§ Provided information:
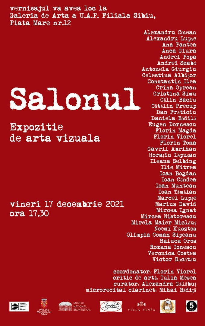Eveniment tradițional pentru iubitorii de artă din Sibiu, Salonul de Iarnă al Uniunii Artiștilor Plastici contribuie la bogata atmosferă de sărbători printr-o selecție variată de stiluri și tehnici creative, oferite în dar publicului local sau vizitator: peisaje idilice, compoziții în culori calde, surprinzătoare asamblaje din metal și hârtie texturată, sculpturi impresionante în diferite medii (sticlă, lemn, piatră, metal), obiecte de artă textilă și decorativă, toate perfecte pentru a da căldură oricărui tip de interior, menite să prelungească atmosfera de sărbătoare în fiecare zi a anului.
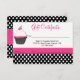 Geschenkgutschein für hübsche Bäckereien in Weiß und Rosa mit schwarz-weißem Polka-Dot-Akzent. Weiße, rosa, weiße und schwarze Kuchen schmücken die links Vorder- und Rückseite der Karte. Text ist bereit, um Ihre Bedürfnisse zu personalisieren, um Ihren Anzug zu erfüllen. Es stehen passende Visitenkarten zur Verfügung.
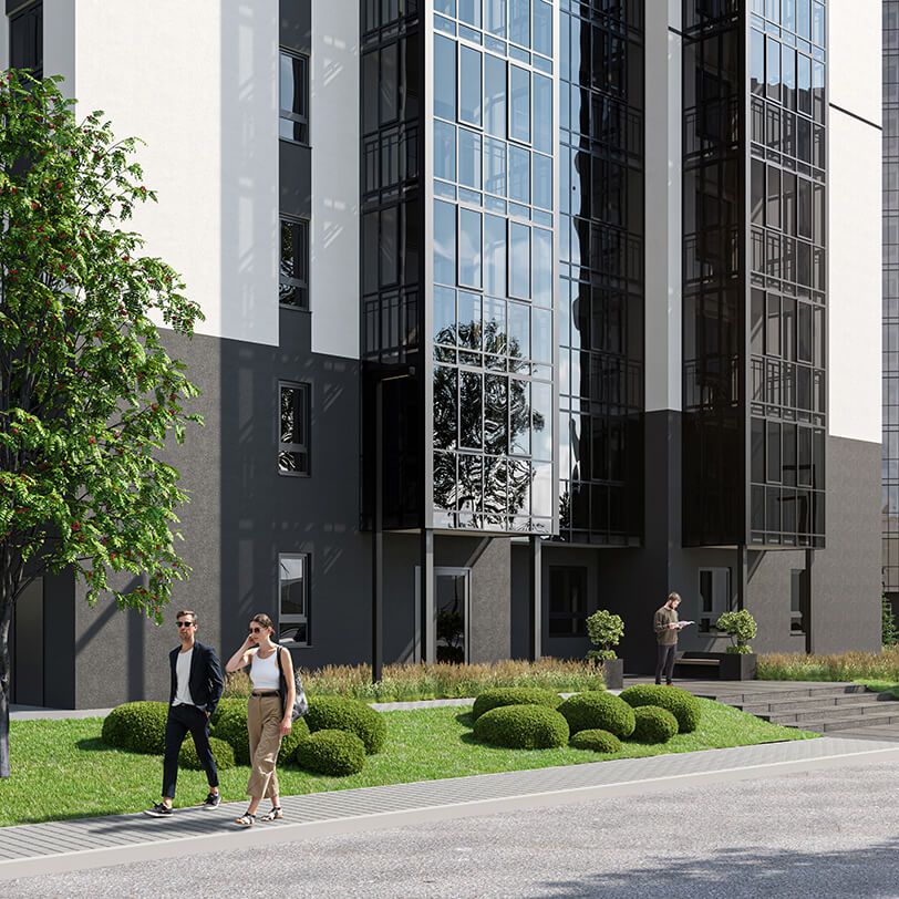 Территория объекта — целостный архитектурный ансамбль из семи домов. Рядом расположен сквер площадью 3,6 га. Зелёную территорию комплекса окружает зона общественно-делового назначения, дошкольные и образовательные учреждения, а также малоэтажные жилые дома.
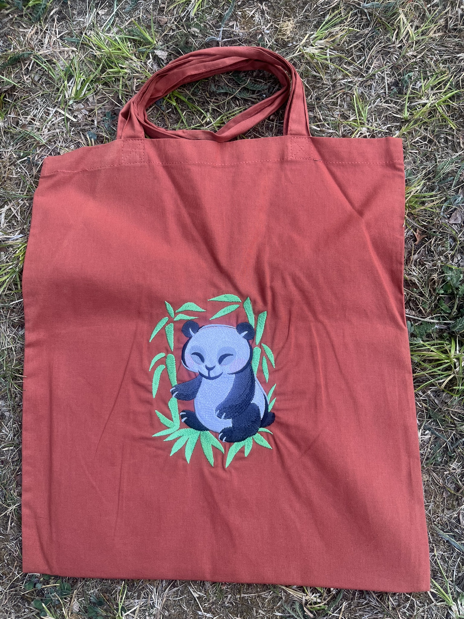 This Asian-inspired watercolour panda bear is a sweet and charming addition to any bag.
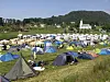CAMP: Det har ofte vore tett i tett med telt og bubilar i festivalcampen i Uggdal under Tysnesfest dei siste åra. Camp-sjef Bård Sværi meiner klart at campen ikkje er ein utprega rusarena for Tysnes-ungdom. (Arkivfoto)
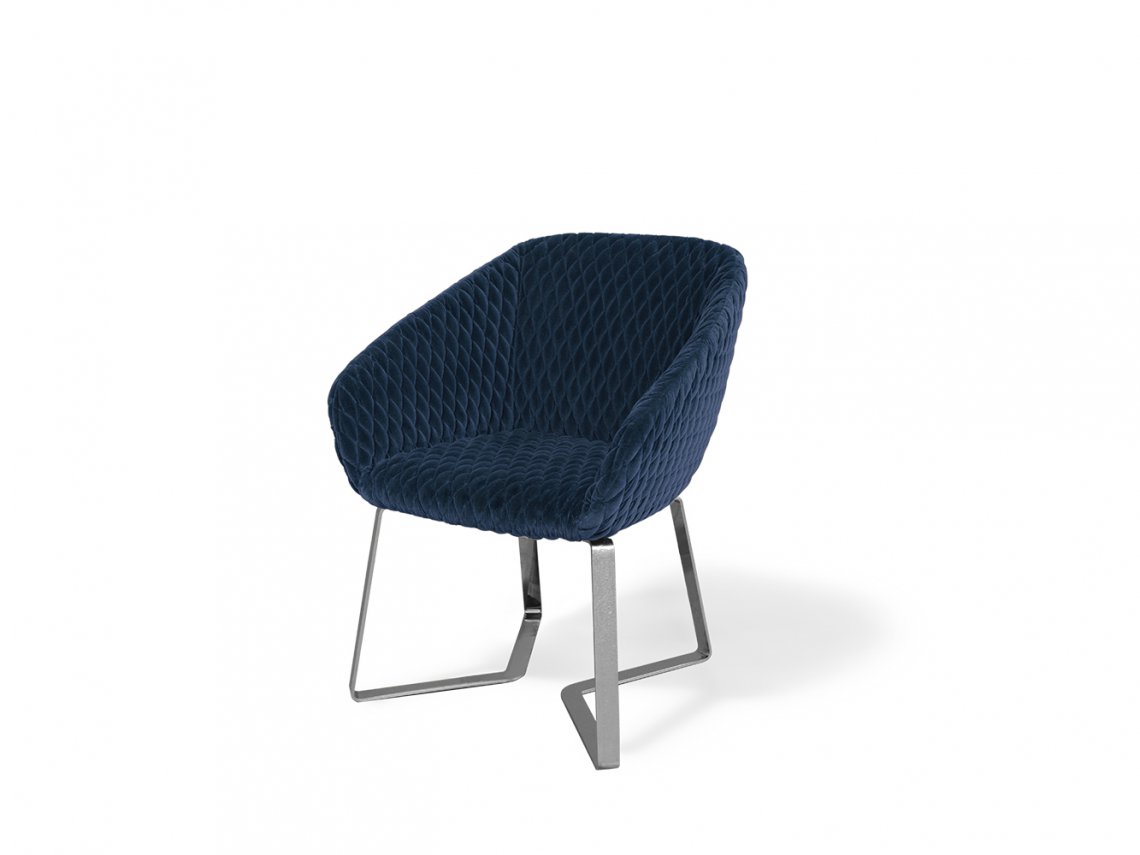 The armchair Oliver is a piece that recalls the style of the 50s. The whole seat is wrapped in a diamond-shaped quilting that gives the surface a three-dimensional light-and-dark effect. The structure supporting the seat is made up of two metal ribbons which, embellished by hand-made sculptural work, create a pleasant geometric effect. This armchair is customizable with upholstery in leather or fabric as well as in the chromatic metal finishes.
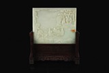 AN INSCRIBED WHITE JADE 'SCHOLARS GATHERING' TABLE SCREEN
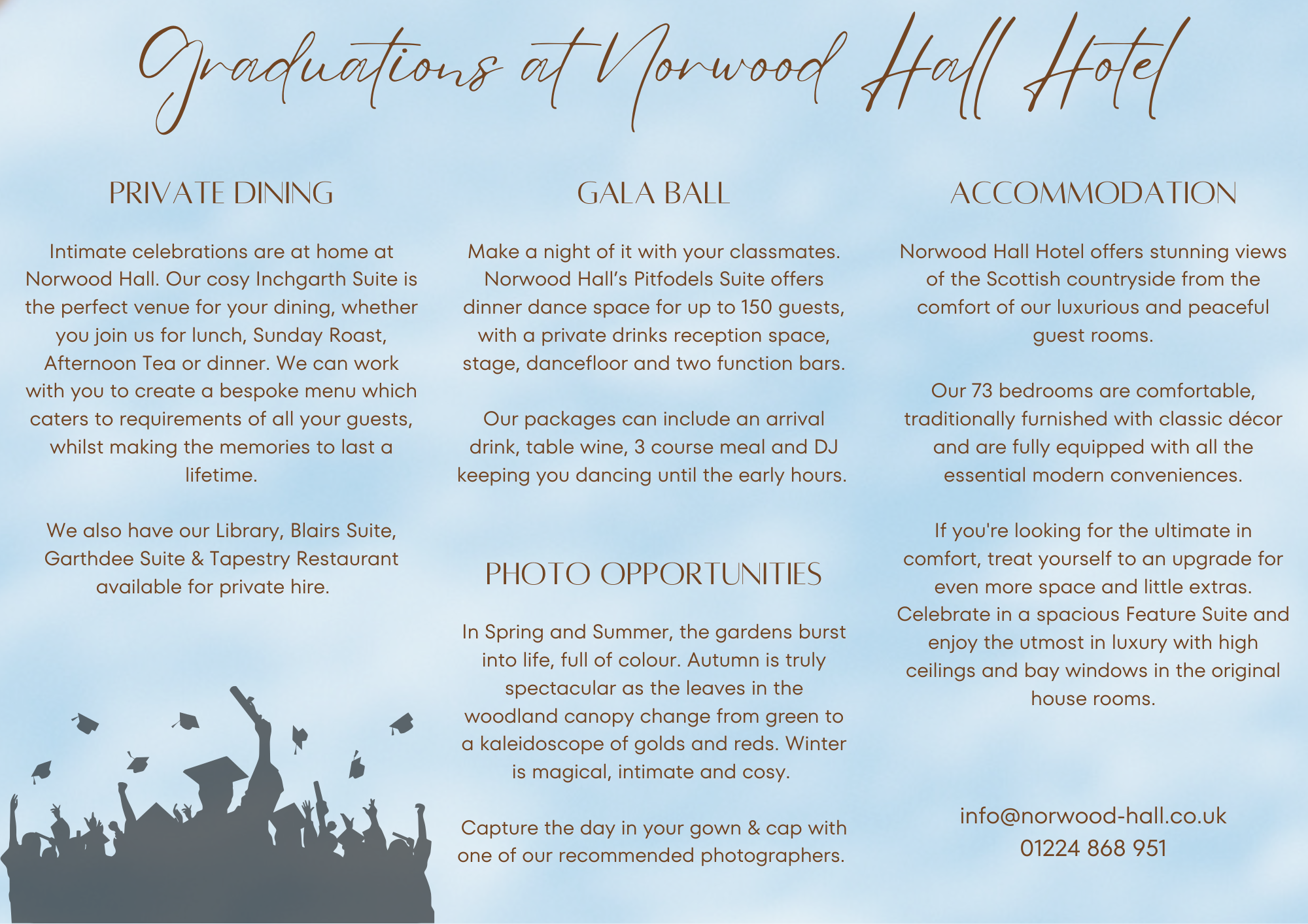 The team at Macdonald Norwood Hall Hotel would love to congratulate you in all your achievements, and celebrate your success at this important milestone.

§ Task: Reproduce exactly the lines of the data above that run from the line with "This Asian-inspired watercolour" down to the line with "AN INSCRIBED WHITE", both ends included. Pictures do not belong in the copy.

§ Result of this exercise:
 This Asian-inspired watercolour panda bear is a sweet and charming addition to any bag.
CAMP: Det har ofte vore tett i tett med telt og bubilar i festivalcampen i Uggdal under Tysnesfest dei siste åra. Camp-sjef Bård Sværi meiner klart at campen ikkje er ein utprega rusarena for Tysnes-ungdom. (Arkivfoto)
 The armchair Oliver is a piece that recalls the style of the 50s. The whole seat is wrapped in a diamond-shaped quilting that gives the surface a three-dimensional light-and-dark effect. The structure supporting the seat is made up of two metal ribbons which, embellished by hand-made sculptural work, create a pleasant geometric effect. This armchair is customizable with upholstery in leather or fabric as well as in the chromatic metal finishes.
 AN INSCRIBED WHITE JADE 'SCHOLARS GATHERING' TABLE SCREEN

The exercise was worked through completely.